━━━ Data section

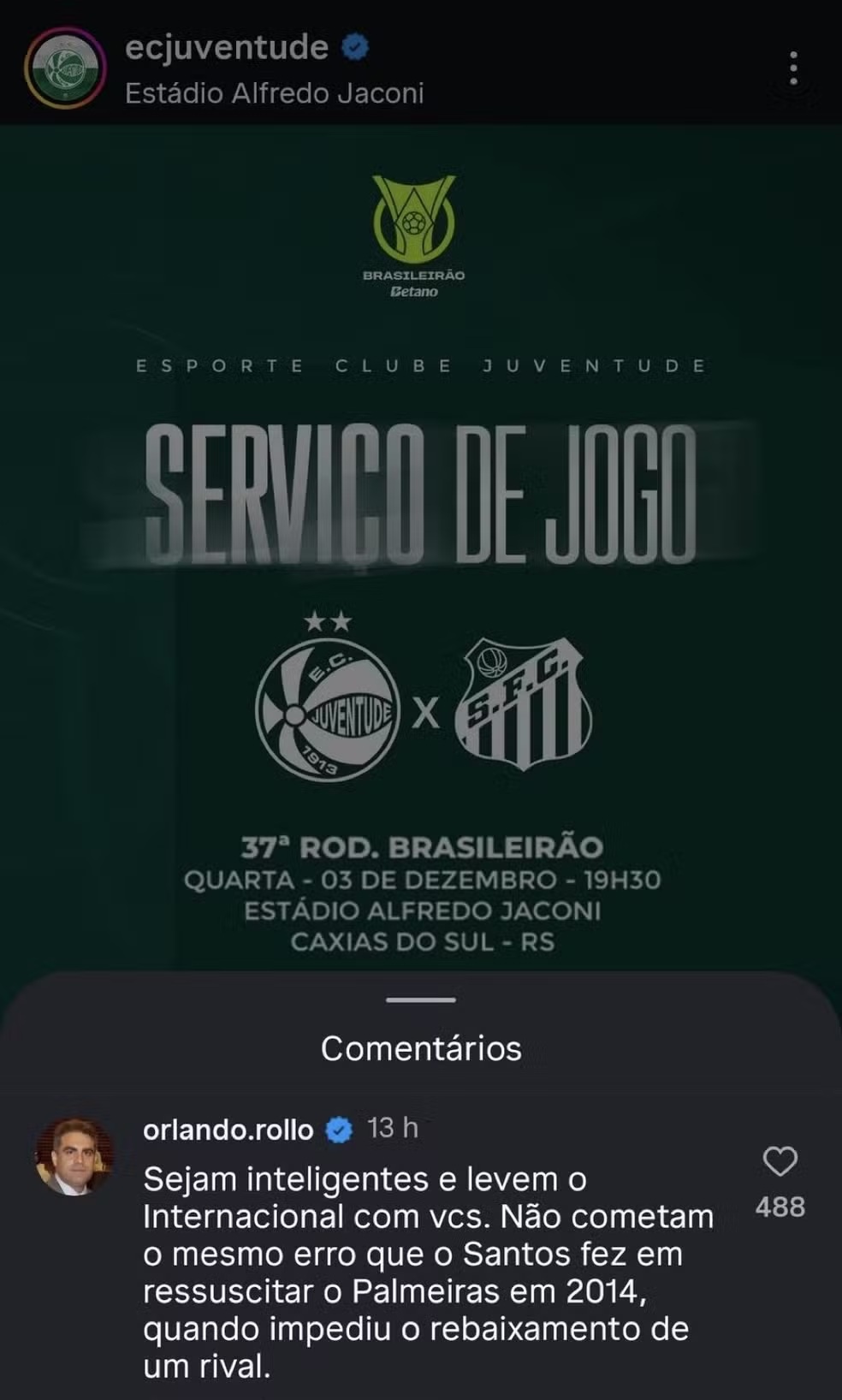 O ex-presidente do Santos, Orlando Rollo, causou polêmica nas redes sociais ao sugerir que o Juventude entregue o jogo contra o Peixe, nesta quarta-feira (3), para rebaixar o Internacional. O time paulista, o Colorado, além de Fortaleza e Vitória estão na luta pela permanência na Série A do Campeonato Brasileiro.
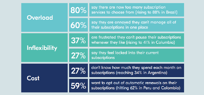 Multiple subscriptions, combined with inflexible subscription management, and rising prices are combining to create a major headache for LATAM subscribers.
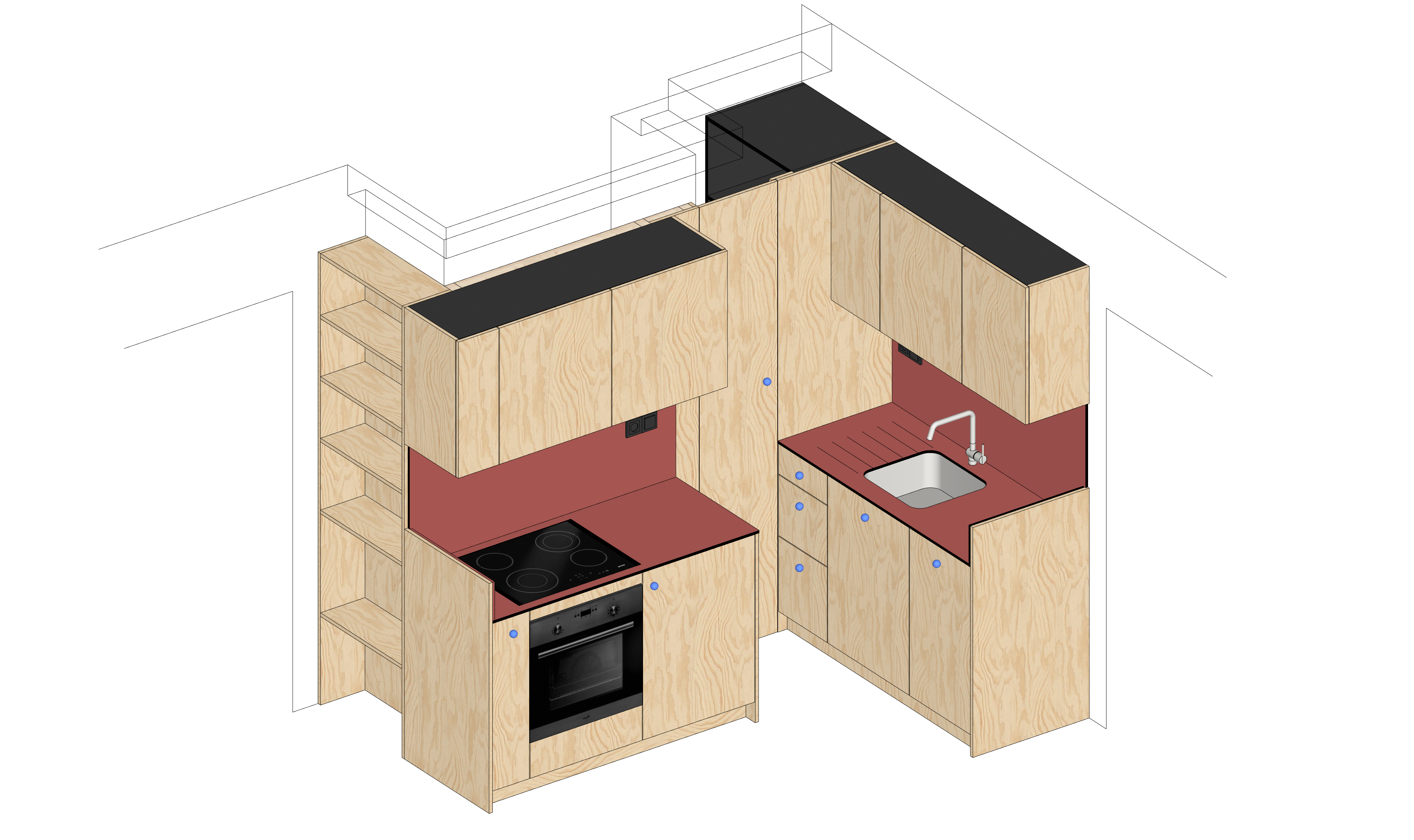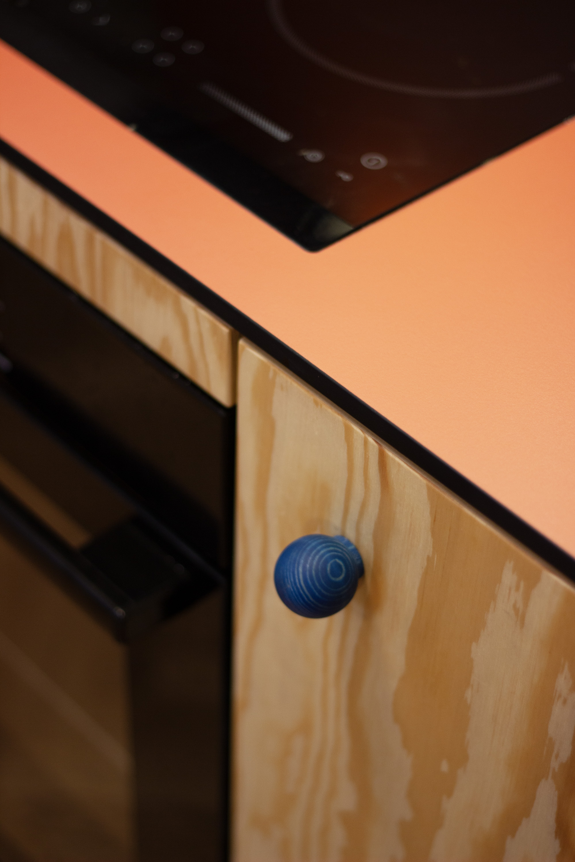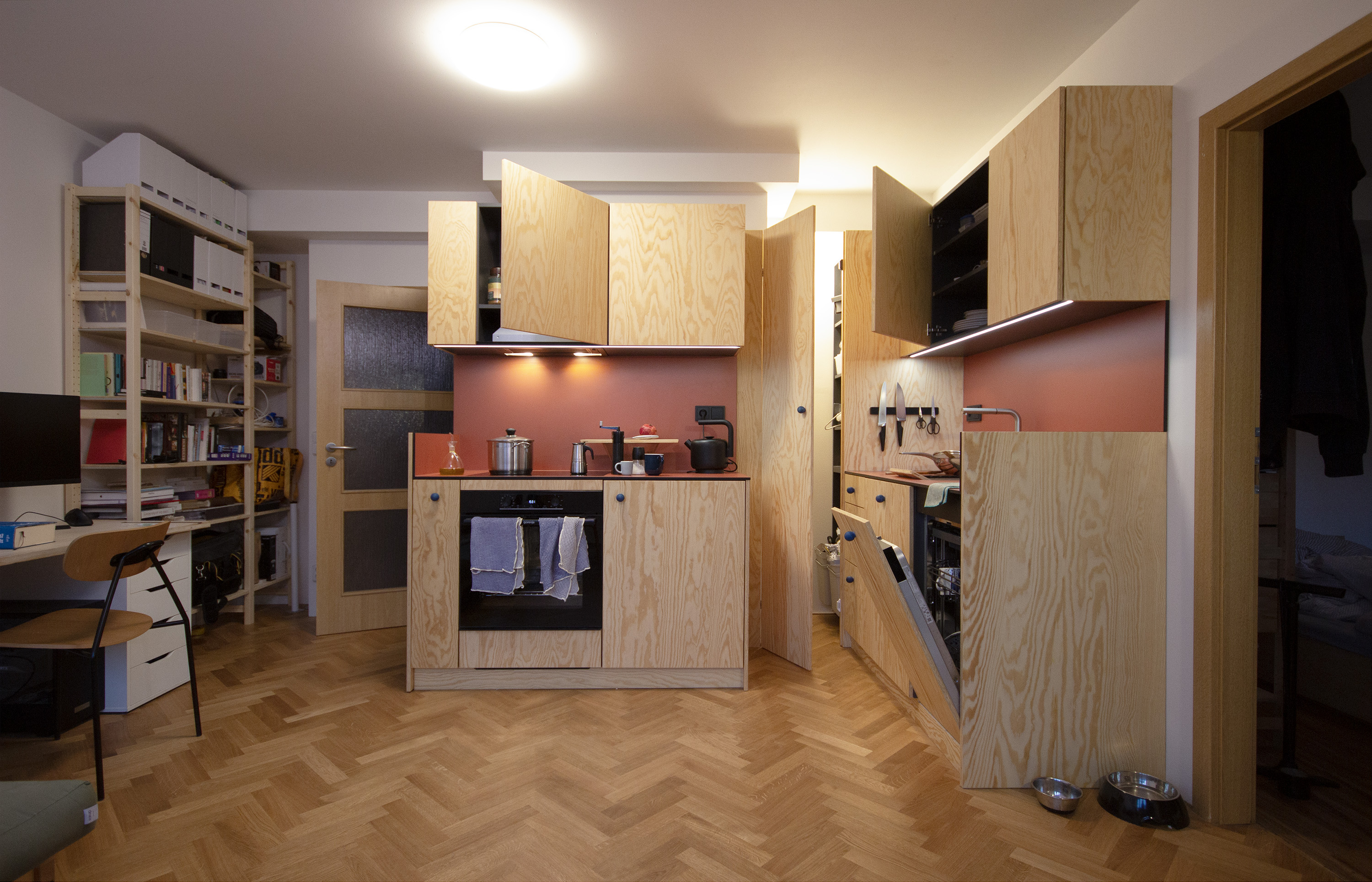 Na omezený a atypicky členěný prostor reaguju rozdělením kuchyně do dvou samostatných pracovních ploch, v rohové nice vytvářím malou komoru, která na bytě zoufale chyběla. Borová překližka, kompaktní pracovní deska a modře mořené knopky.

━━━━━━

Leave out all pictures, then copy the remaining material exactly.

Exercise output »
 O ex-presidente do Santos, Orlando Rollo, causou polêmica nas redes sociais ao sugerir que o Juventude entregue o jogo contra o Peixe, nesta quarta-feira (3), para rebaixar o Internacional. O time paulista, o Colorado, além de Fortaleza e Vitória estão na luta pela permanência na Série A do Campeonato Brasileiro.
 Multiple subscriptions, combined with inflexible subscription management, and rising prices are combining to create a major headache for LATAM subscribers.
 Na omezený a atypicky členěný prostor reaguju rozdělením kuchyně do dvou samostatných pracovních ploch, v rohové nice vytvářím malou komoru, která na bytě zoufale chyběla. Borová překližka, kompaktní pracovní deska a modře mořené knopky.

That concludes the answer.